Vox’s guide to conference survival

1. Your base of operation is the bar. If you’re not actively doing anything else, that’s where you should be at all times. It’s where a lot of the real players are.

2. Make a few friends based solely on personal compatibility, not professional synchronicity. Always try to at least have lunch with them, it’s good to take a break from the incessant business blather. Go out of your way to introduce them to your contacts that might be interested in what they are doing, and whom they might find useful. These friendships will make future conferences FAR more enjoyable.

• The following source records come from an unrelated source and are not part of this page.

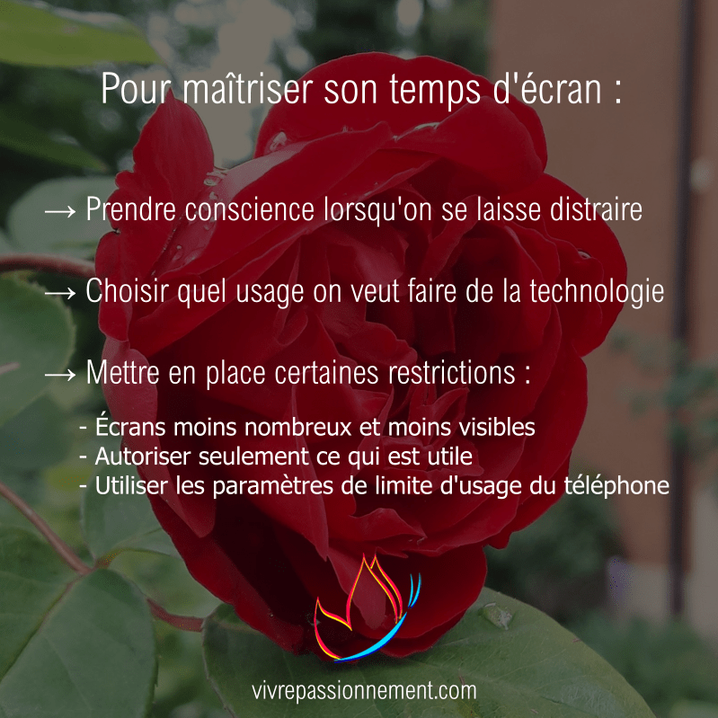Voilà, j’espère que ces conseils t’ont aidé(e). Les technologies modernes ne sont pas foncièrement bonnes ou mauvaises en elles-mêmes, tout dépend de l’usage que l’on en fait. Comme je l’ai mentionné dans un précédent article, il s’agit d’identifier nos priorités. Quand tu auras 90 ans, est-ce que tu te souviendras davantage du temps passé devant tes écrans ou du temps passé avec tes proches ? A toi de choisir. En parvenant à maîtriser ton usage de tes appareils électroniques, tu seras plus libre de gérer ton temps comme tu le souhaites et tu pourras davantage te concentrer sur les choses qui comptent le plus dans ta vie.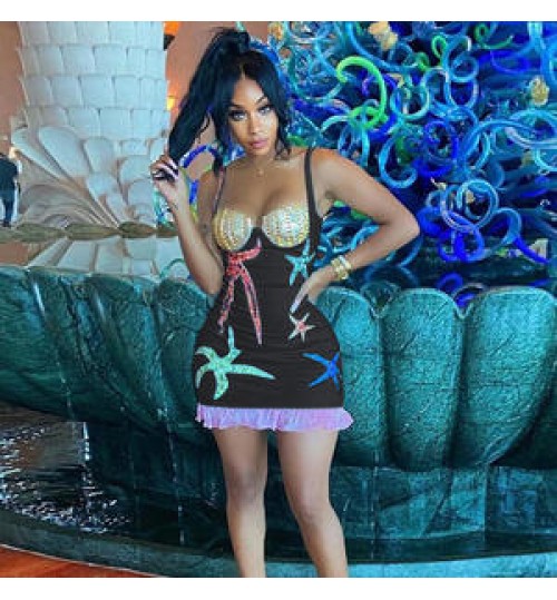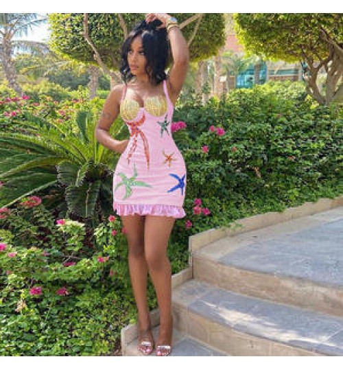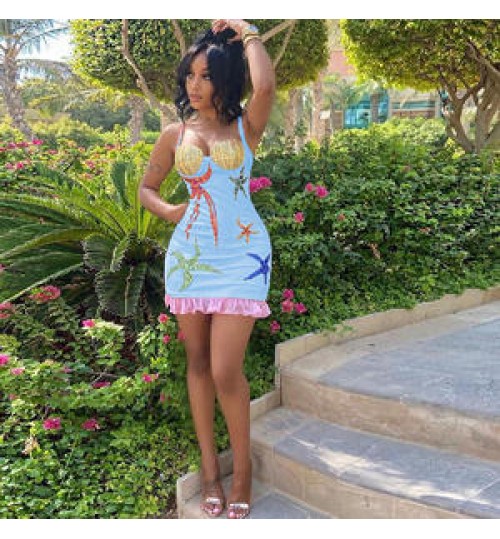 FS8568D 2022 Summer Women's fashion sexy backless print slim dress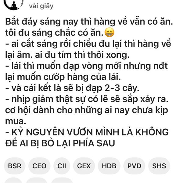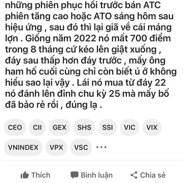 "Mai ông nào khôn thì bán hết phiên ATO lúc đó sẽ có giá cao nhất , vẫn như những phiên phục hồi trước bán ATC phiên tăng cao hoặc ATO sáng hôm sau hiệu ứng , sau đó thì lại giã về cái máng lợn ...Thêm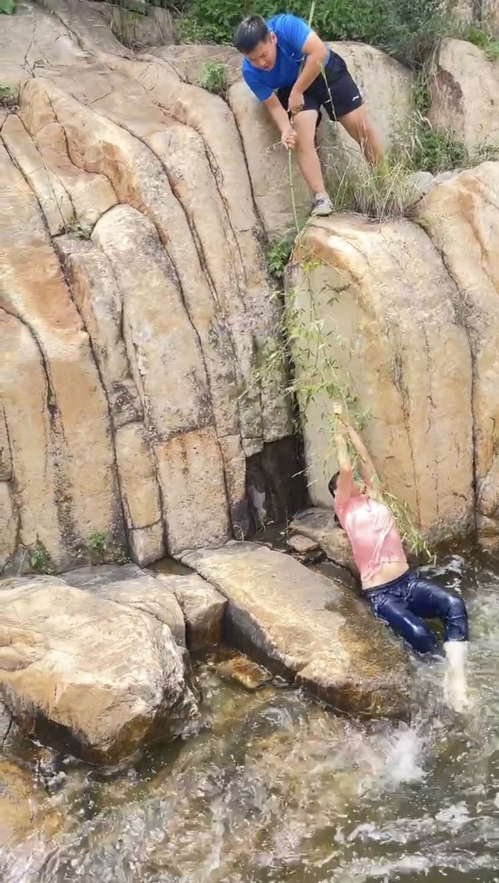 从视频中可以看出,水流已经没过女孩的腿部,到达腰部,她正双手按着岩石支撑身体。情急之下,李天龙一跃跳到河对岸,来到女孩附近,先观察寻找施救最好位置,同时接过另一名好心游客向他递来的一根带着较多竹叶的长竹竿。当他发现自己所站位置无法通过竹竿接触到女孩时,便再次寻找一个更易攀爬、水深更浅的位置,并将竹叶茂密一端递给女孩。女孩紧紧抓住竹竿,在李天龙的拉动下,终于被救到岸边。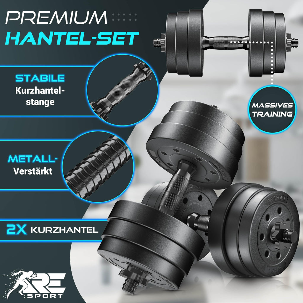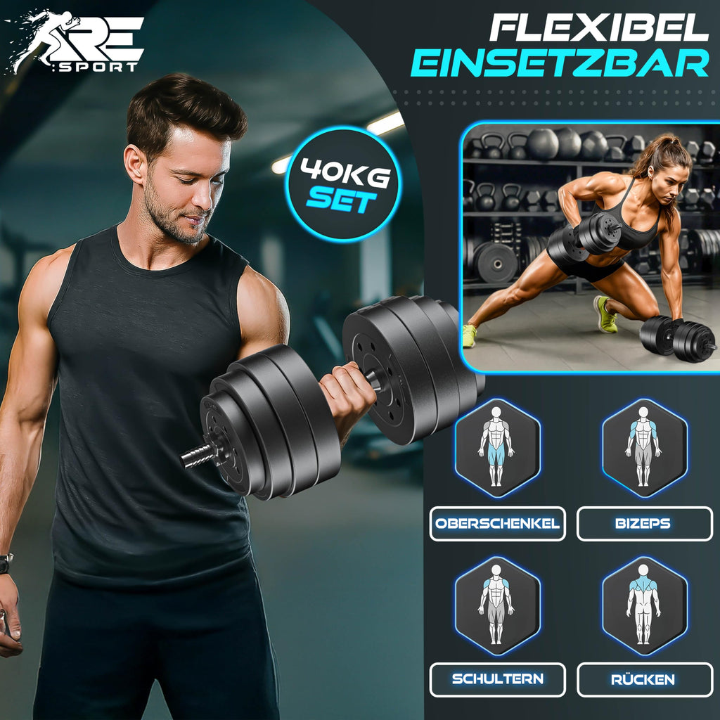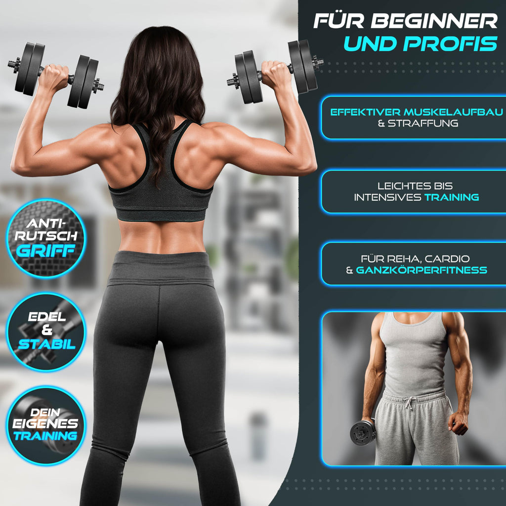 VIELSEITIGES HANTELN SET VERSTELLBAR: Unser Hantelset ist verstellbar und ideal für dein Training Zuhause. Die 2 Kurzhanteln eignen sich für Bizeps, Trizeps, Schultern, Rücken, Brust und Beine – perfekt für effektiven Muskelaufbau. Perfekt für Fitness, Krafttraining und funktionelles Workout im Home Gym.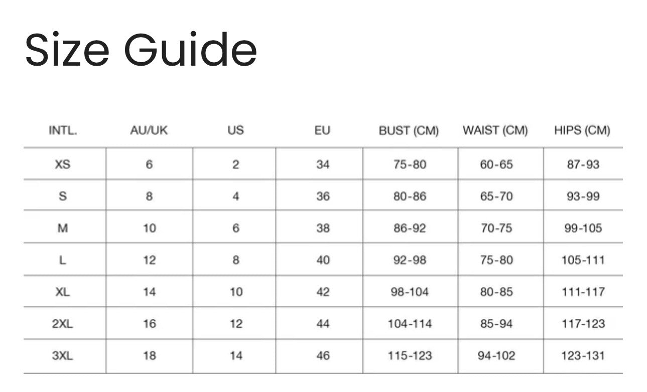 MJ is wearing a Size S. She usually wears a size AU8, is 173cm (5’7”) tall, with an 86cm bust (33.8”), 64cm (25.1”) waist & 89cm (35”) hips.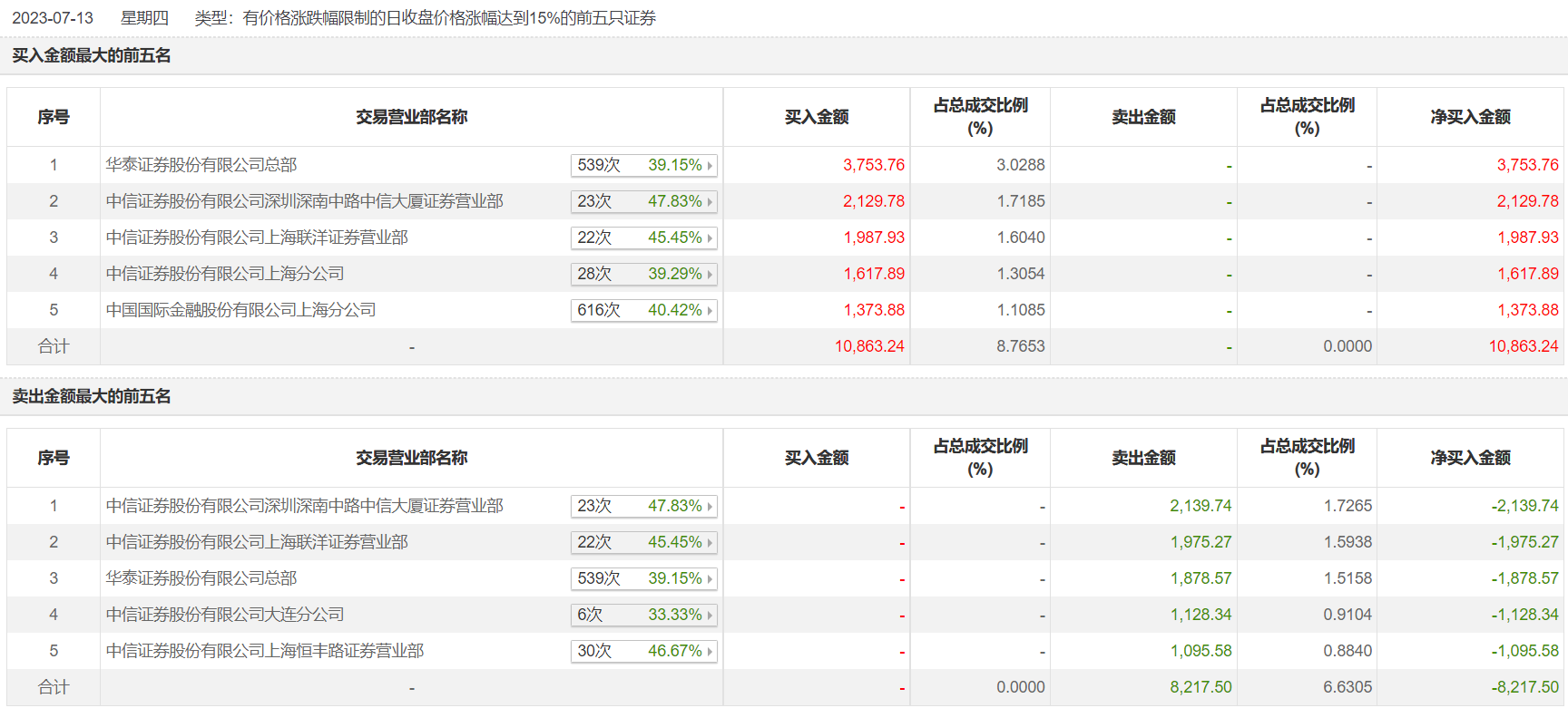 具体来看,华泰证券总部、中信证券深圳深南中路中信大厦证券营业部分别买入3753.76万元、2129.78万元;中信证券深圳深南中路中信大厦证券营业部、中信证券上海联洋证券营业部分别卖出2139.74万元、1975.27万元。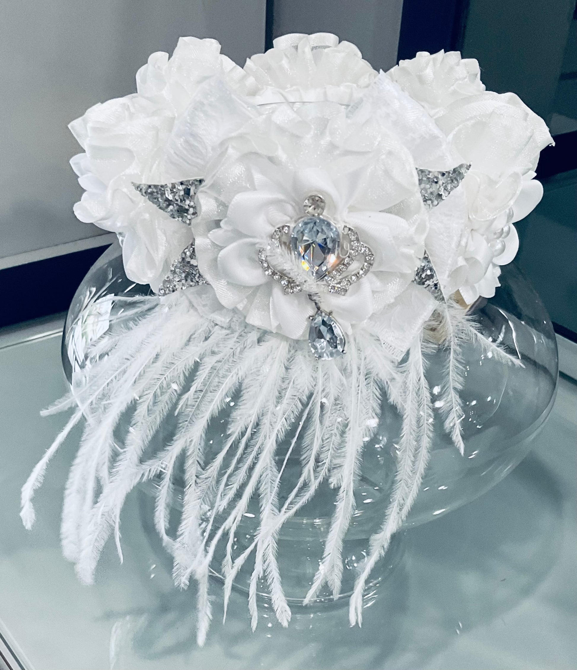 A hair accessory for your little girl, adorned with handmade flowers made from high-quality materials that give it a delicate and elegant look. Ideal for complementing hairstyles for special occasions or adding a charming and sophisticated touch to her everyday look.Made In USA.

3. Blow off the afternoon sessions if there’s nothing you’re really interested in and work out at the fitness center instead. You’ll feel much better and have more energy. In combination with a second afternoon shower, you’ll be far fresher and less run-down than everyone else over the course of the evening.

4. The first night and the last night are the nights to close down the bar. Don’t go out with the strip club/casino crew. Stay away from the beer, red wine, shots, and chick drinks. White wine and screwdrivers will keep you feeling good and functional in the mornings. Don’t skip breakfast either.

5. Make a list of who you want to meet at the conference and try to meet them all by the middle of the second day. If you know someone who knows them, ask them to track them down and introduce you. But don’t be a stalker and manufacture lame excuses, just be straightforward about your interests.

6. Try to keep the maximum number for dinner down to four, eight if at least six of the diners know each other well. One random hanger-on is fine if he’s not a drip, but two is too many.

7. Stay away from the sort of people who look around when talking to you. Avoid the people who throw around huge numbers relating to past and present accomplishments in the first two minutes of a conversation. They’re almost always full of it and even when they’re not, they’re too self-centered to hear a word you say anyhow.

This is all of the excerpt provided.